# A Note Of Gratitude



## bentpixel (Sep 2, 2006)

I thought I'd would post a note of gratitude to all here. We just came back from Cassini Ranch. My DBIL and family could not make the date, but the four of us celebrated T'day away from the overwhelming real world. Also, many thanks to contributors that helped me troubleshoot pilot light issues: last outing a spiderweb choked the water heater resulting in a black soot-ed back flash







; this trip the oven pilot was too low







and the refrigerator ignitor would not tap-tap-tap until I reset the connector a few times.









Without the many posts describing conditions, causes, and cures we would be cussing the fool that built these things instead of roasting marshmellows.

Now about that refrigerator. I got it started Weds. night. The frozen meat kept everyting else just right until the refrigerator caught up. On T'day I wanted to try and make Panna Cotta for something differant and special, they set just fine in a little over three hours. My family thinks I need more practice unmolding to make it real pretty.

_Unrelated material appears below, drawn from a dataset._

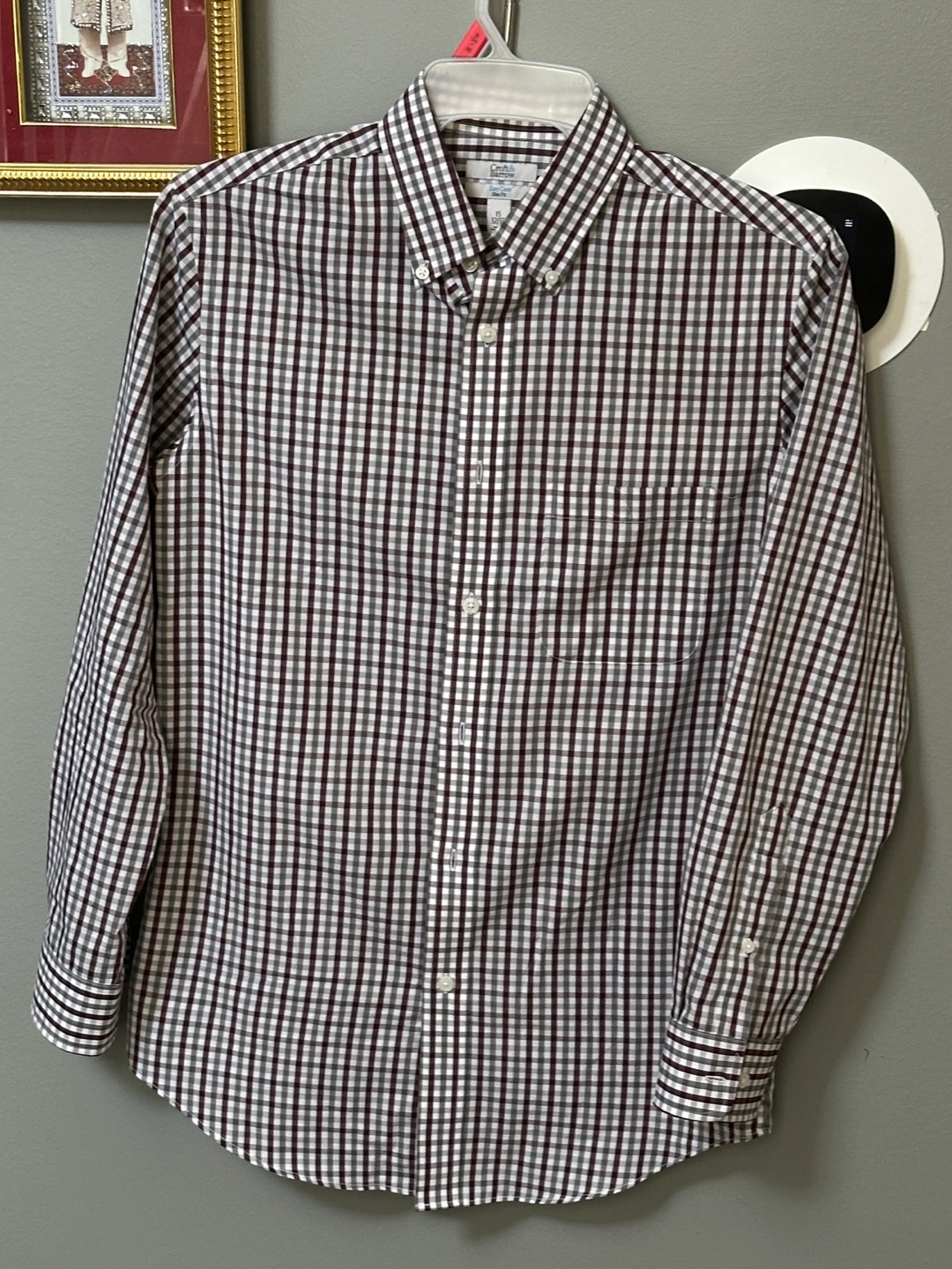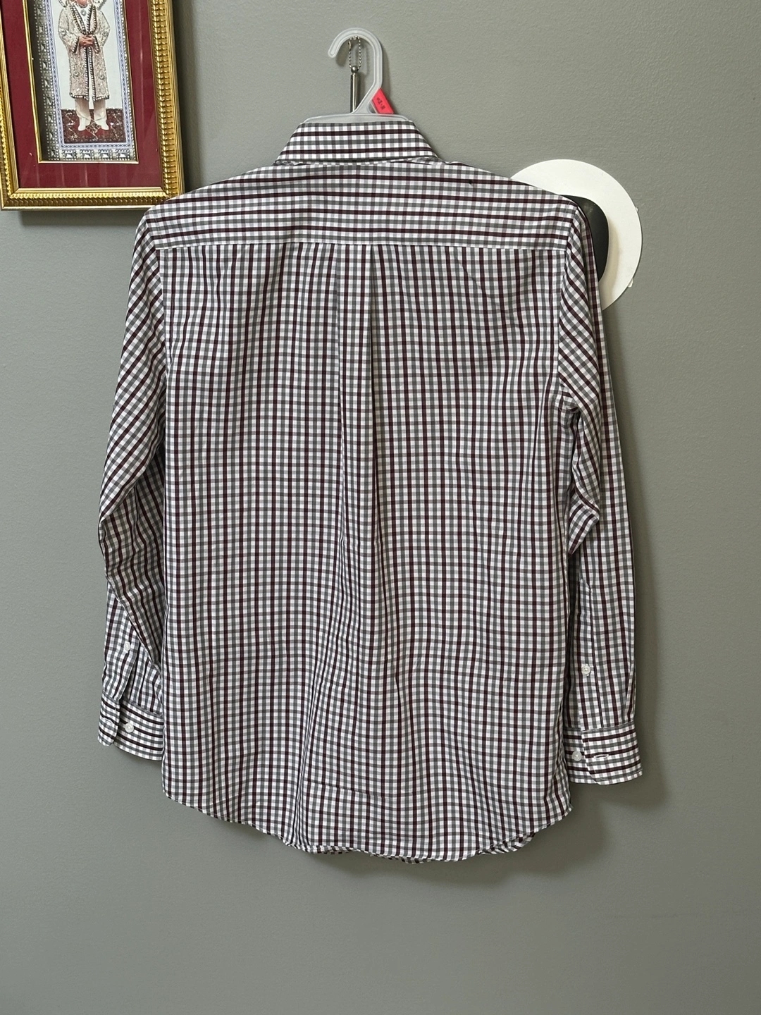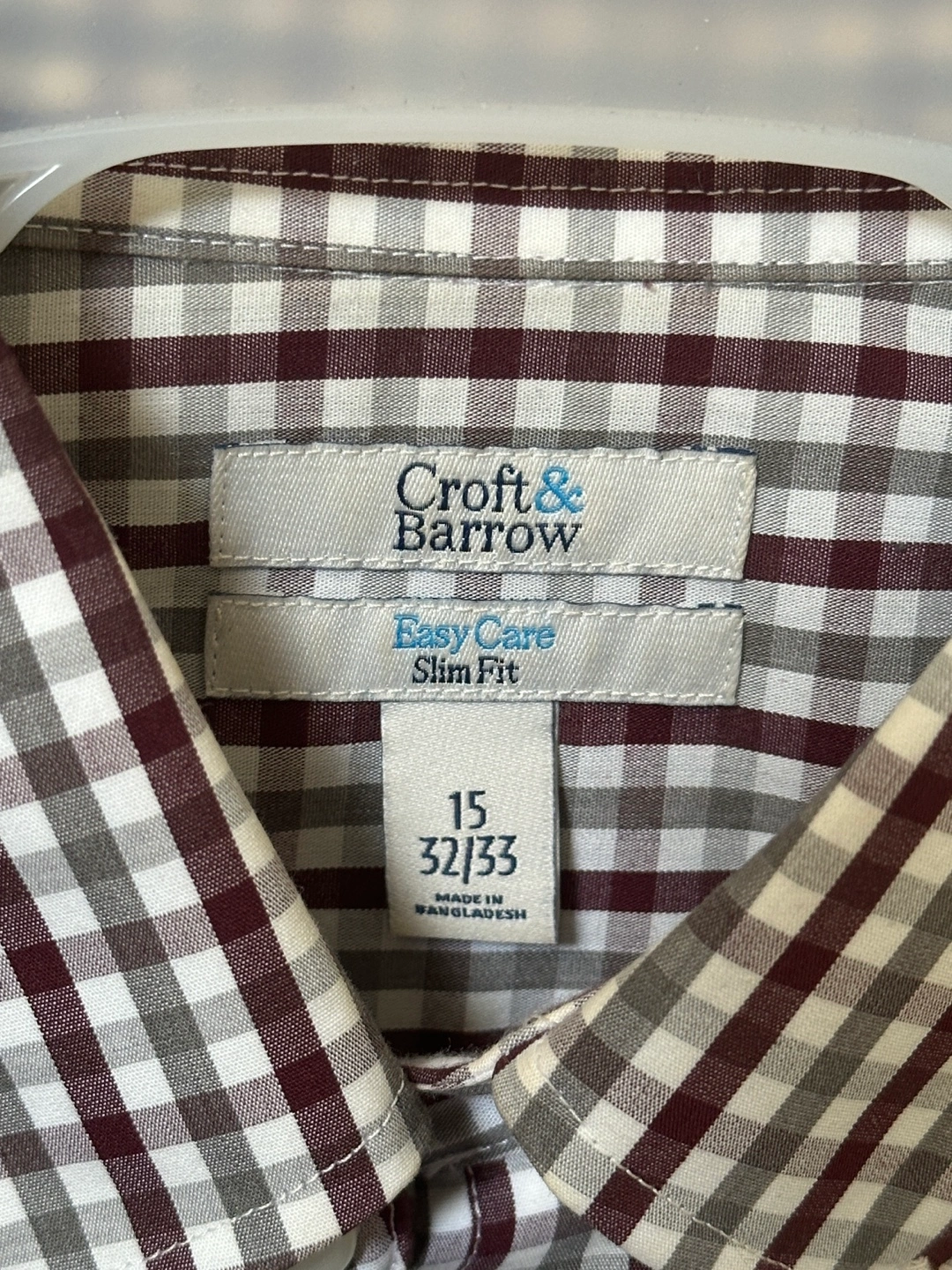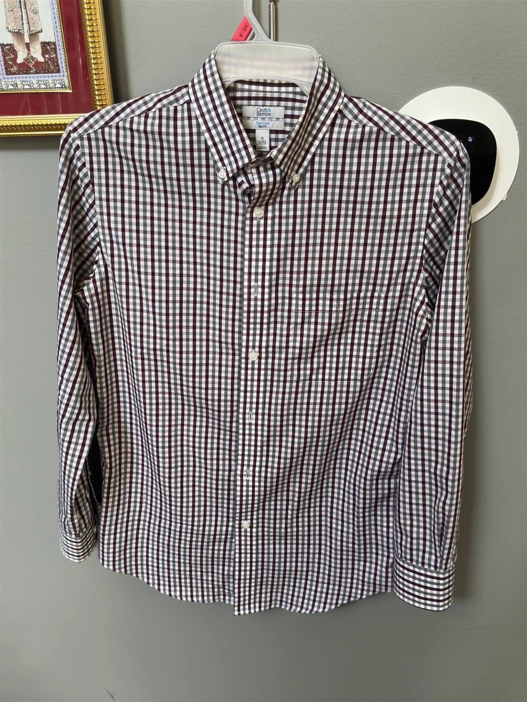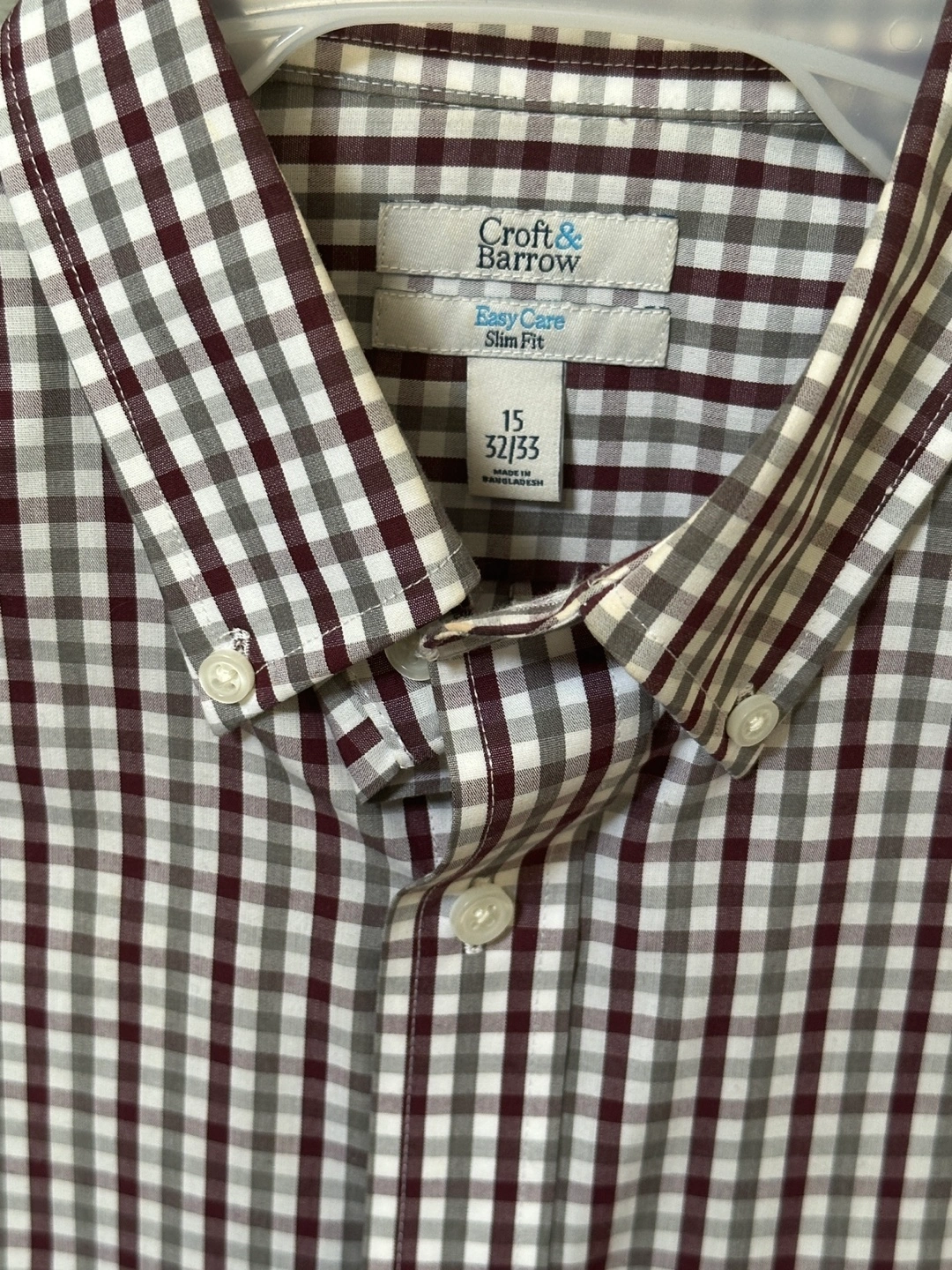 103Men's long-sleeve button-down shirt. Burgundy and gray plaid pattern. Slim fit. Easy care. Size 15/32-33. Available for local pickup by Schaumburg and Barrington Road in Schaumburg IL 60194 or shipping to your doorstep for one low price with tracking included for free. Comes from a virus free, smoke free and pet free home.

I guess I'll be getting a fine strainer to put into the OB.









Looking forward to the rally,
Scott


----------



## raynardo (Jun 8, 2007)

I, too, was at Casini Ranch over Thanksgiving. Sorry I missed you. . .you must have been one of the two other OB's I saw there!

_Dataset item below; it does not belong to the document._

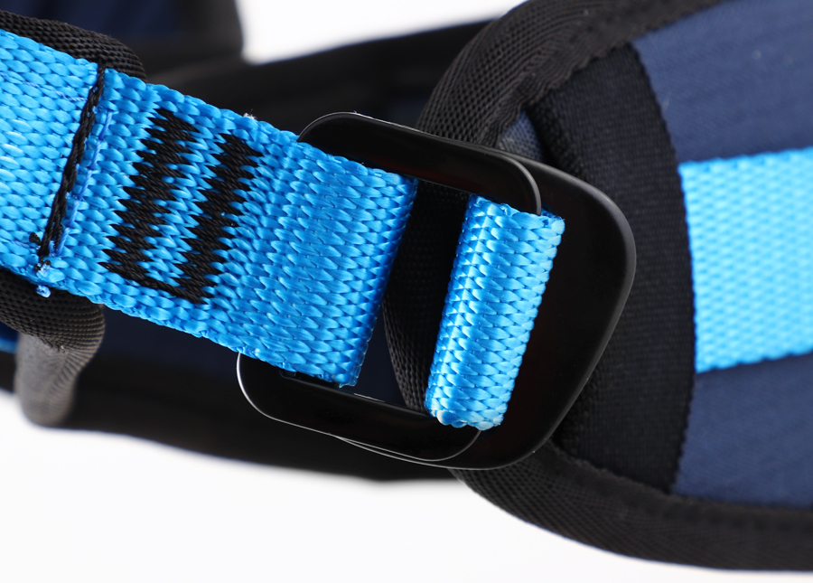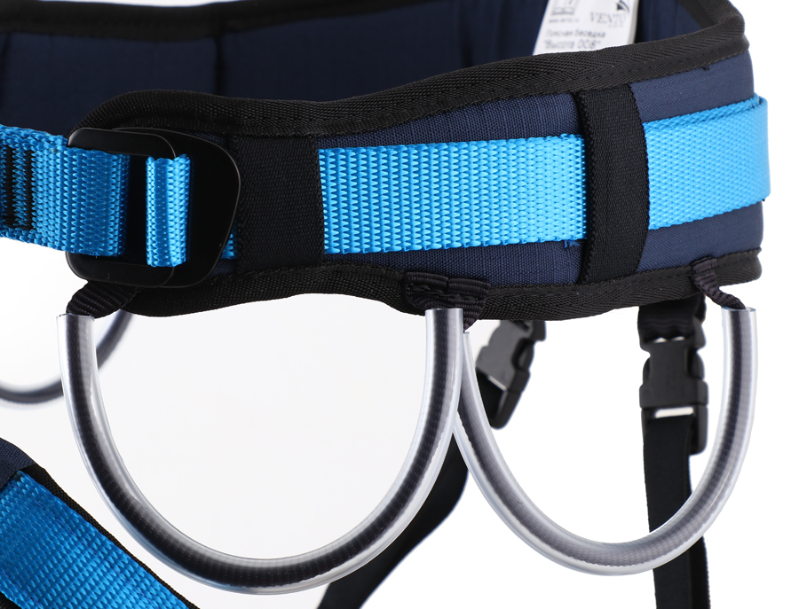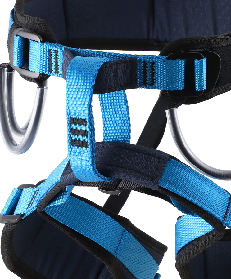 • Две регулируемые стальные пряжки на поясе для центрирования страховочного кольца

I came away with two thoughts, lots of mud and the entire time I was there it was overcast. It is a great area to discover, though. We visited Ft. Ross, the southernmost Russian settlement in North America (1812-1841), Korbel Winery - makers of champagne, and of course, the coastline and surrounding countryside.

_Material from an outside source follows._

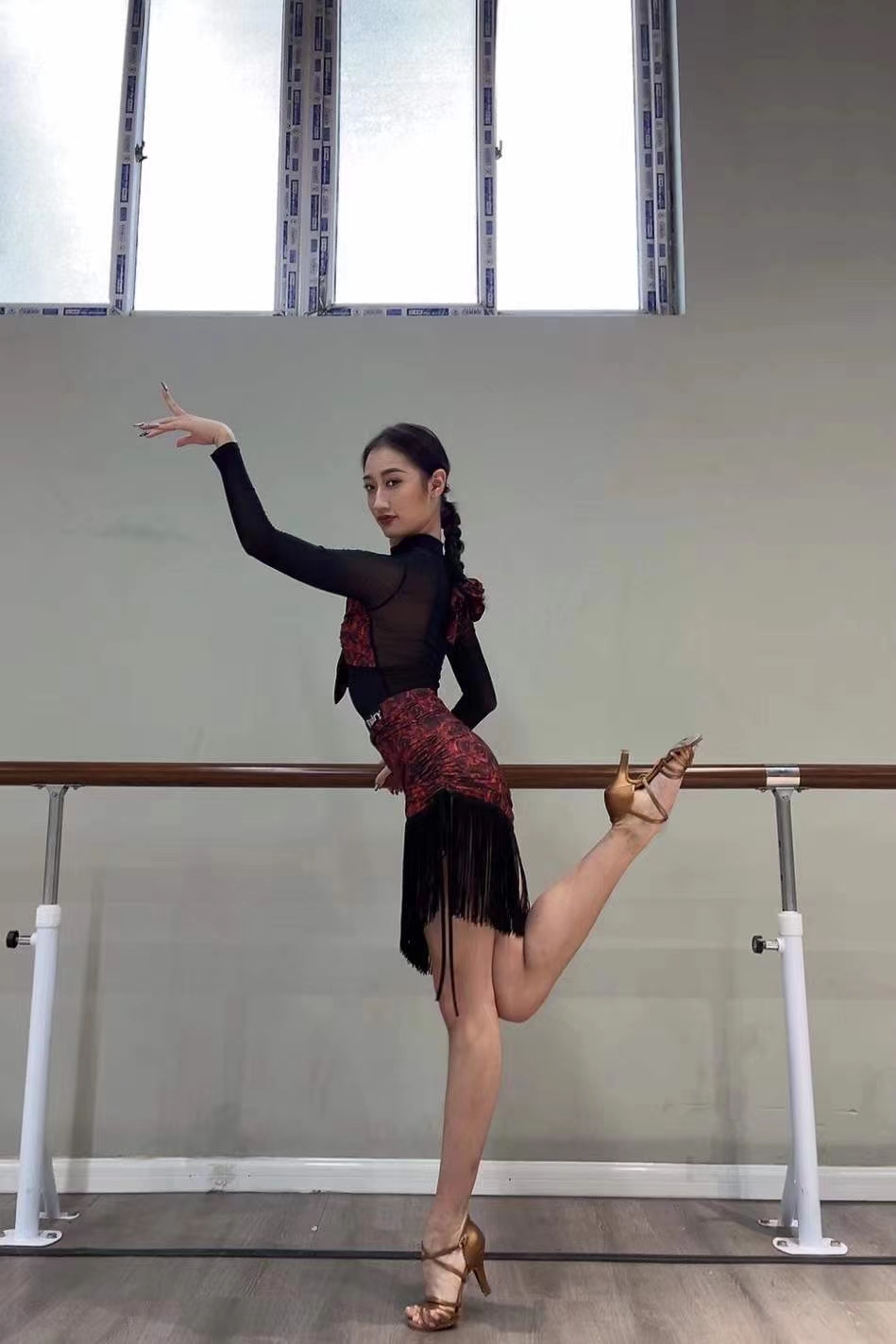 Microminiature dance suit Fairy autumn winter Latin dance suit suit with its own chest cushion delivery belt

*Here are my photos of Casini Ranch.*


----------



## Husker92 (Feb 11, 2006)

Sounds like a rough weekend!


----------



## rdvholtwood (Sep 18, 2008)

Despite your rough weekend, I am sure overall you had a good time with family?


----------



## campfirenut (Aug 9, 2006)

Hope you still had a great weekend inspite of the little nuances that occurred.

Bob


----------